Peak Mountain rotary vise... c clamp version
purchased the extender, saltwater tip and base at a later time[smiley=1-biggrin.gif]

also have the"generic" vise that came with my bass proshop fly tying kit when i started... simple very rugged... learned a lot with it.  [smiley=1-biggrin.gif]


----------



## aaronshore (Aug 24, 2007)

Tom. Renzetti Saltwater Traveler Pedestal base cam jaw. All you will ever need. Best vise ever.


----------



## captkenroy (Jan 10, 2007)

I have a Nor-Vise rotary that will handle hooks from tiny up to 8/0.  I seldom use it anymore.  When we were tying commercially, Sharon probably used it more than i did.

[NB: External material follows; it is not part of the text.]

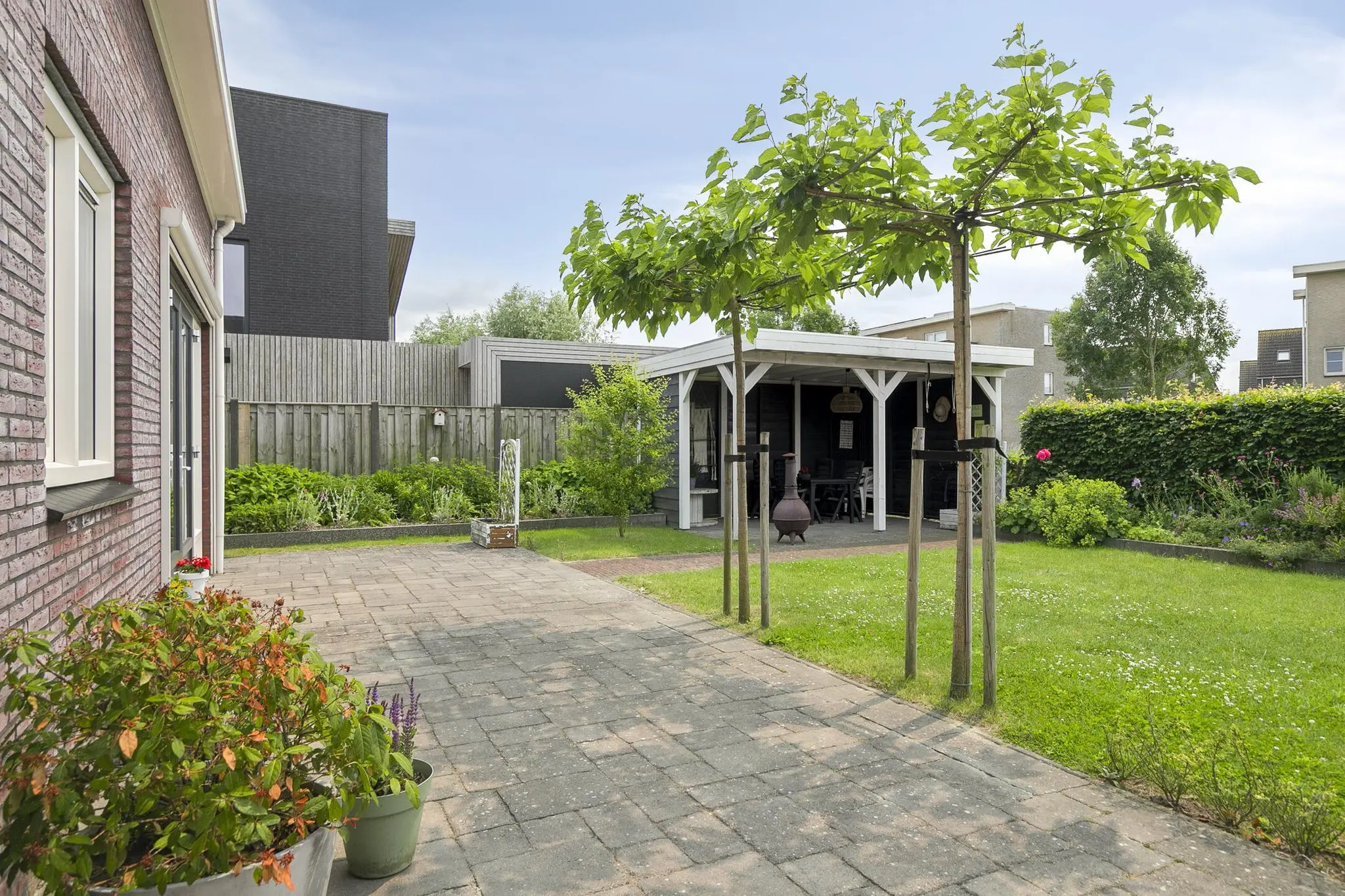 De zonnige achtertuin is gelegen op het Zuid-Westen, hier vind je sierbestrating, een gazon, een siertuin en een sfeervolle veranda om heerlijk buiten te zitten. In de tuin bevindt zich de royale garage (3,26 x 8,35 m), volledig geïsoleerd en voorzien van een tuindeur, elektrische paneeldeur en de opstelling van de cv-ketel. De voortuin is keurig aangelegd en biedt een oprit met parkeergelegenheid.

For most of the SW flies I personally use, I don't bother with a vise.

I can tie Glass minnows easier without a vise than with.

Most of my flies are mighty simple and they simply catch fish.
I can buy everything I need to tie any fly that I use these days at Wal-Mart.

If you are a flyfisherman who ties an occasional fly and absolutely must have a rotary vise, you can make your own out of PVC pipe, a 5/8" dowel and a 3/16" bolt with wing nut. You will need a drill and a hack saw and about 15 minutes.

Think about it this way: Suppose you tie 2 dozen flies in a year. Spending $300 or more on a vise doesn't make much sense nor does it make the wife happy.

For about $10, you can tie a million flies. (not including hooks) Road kill is a pretty good source of bucktail and Squirrel tail.

We killed a half dozen roosters from the last batch of chicks we bought. I have a ton of mighty fine hackles for no money at all. The roosters became chicken salad.


----------



## Spook (Apr 6, 2007)

Seconding the Peak, although I prefer the pedestal base. That way you can use it anywhere. For the price, it rules. The standard jaws will handle pretty much anything that you'd be tying for inshore. A friend of mine uses the Danvise, and it also does well for the price, but does have some polymer components.


----------



## Guest (Jul 2, 2008)

I have been using the Griffin Spider vise, holds the hook great and it's only about 75 bucks. But the Renzetti is REALLY nice!!


----------



## tom_in_orl (Dec 9, 2006)

So far I am leaning towards a Renzetti. If I am going to spend the money on a quality vise I would rather support a local business. I thought about picking up one on ebay but I think I am going to wait until the Fly Fishing & Rod Building Fair Scheduled for Dec 5 and 6, 2008 and buy myself a Christmas present.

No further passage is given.